- Megna in the Star Trek: The Original Series episode "Miri" (1966)
- Born: John Anthony Megna November 9, 1952 Queens, New York, U.S.
- Died: September 5, 1995 (aged 42) Los Angeles, California, U.S.
- Occupations: Actor; director; teacher;
- Years active: 1959–1984
- Known for: To Kill a Mockingbird
- Relatives: Connie Stevens (half-sister)

= John Megna =

American actor (1952–1995)

John Anthony Megna (November 9, 1952 - September 5, 1995) was an American actor, director and teacher. His best-known role is that of Dill in the film To Kill a Mockingbird (1962).

==Early life==
John Anthony Megna was born in Ozone Park, Queens, New York, to Ralph W. Megna, a pharmacist, and Eleanor McGinley, a one-time nightclub singer. He was a half-brother of Connie Stevens through their mother, and an ex-brother-in-law of Eddie Fisher, both famous singers. He attended Holy Cross High School in Flushing, Queens.

==Career==
At age 6, Megna made his acting debut in Frank Loesser's Broadway musical Greenwillow. At 7, he starred in All the Way Home, an adaptation of James Agee's novel about the effect of a father's death on his family. This led to his being cast as Charles Baker "Dill" Harris in the 1962 film To Kill a Mockingbird. The character was based on writer Truman Capote, a childhood friend and later associate of Harper Lee, the author of the original novel.

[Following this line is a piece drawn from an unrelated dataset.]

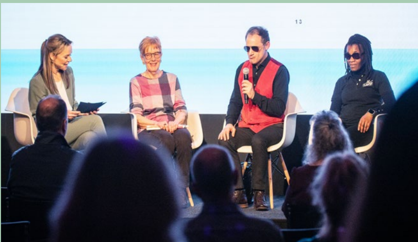
Podiumsgespräch am Jubiläumsanlass

Megna appeared in many television programs throughout the 1960s and 1970s; he portrayed a near-blind child in the Naked City episode "A Horse Has a Big Head - Let Him Worry!", one of the "Onlies" in the Star Trek: The Original Series episode "Miri", Stephan in I Spy (1967), and Little Adam in the NASA-produced animated shorts The Big World of Little Adam.

His other film appearances include Hush...Hush, Sweet Charlotte (1964), The Godfather: Part II (1974), The Boy in the Plastic Bubble (1976) with John Travolta, and Go Tell the Spartans (1978) with Burt Lancaster. He also acted in two films starring Burt Reynolds and directed by Hal Needham: Smokey and the Bandit II (1980) and The Cannonball Run (1981).

==Later career==
Megna graduated from Cornell University as a performing arts major.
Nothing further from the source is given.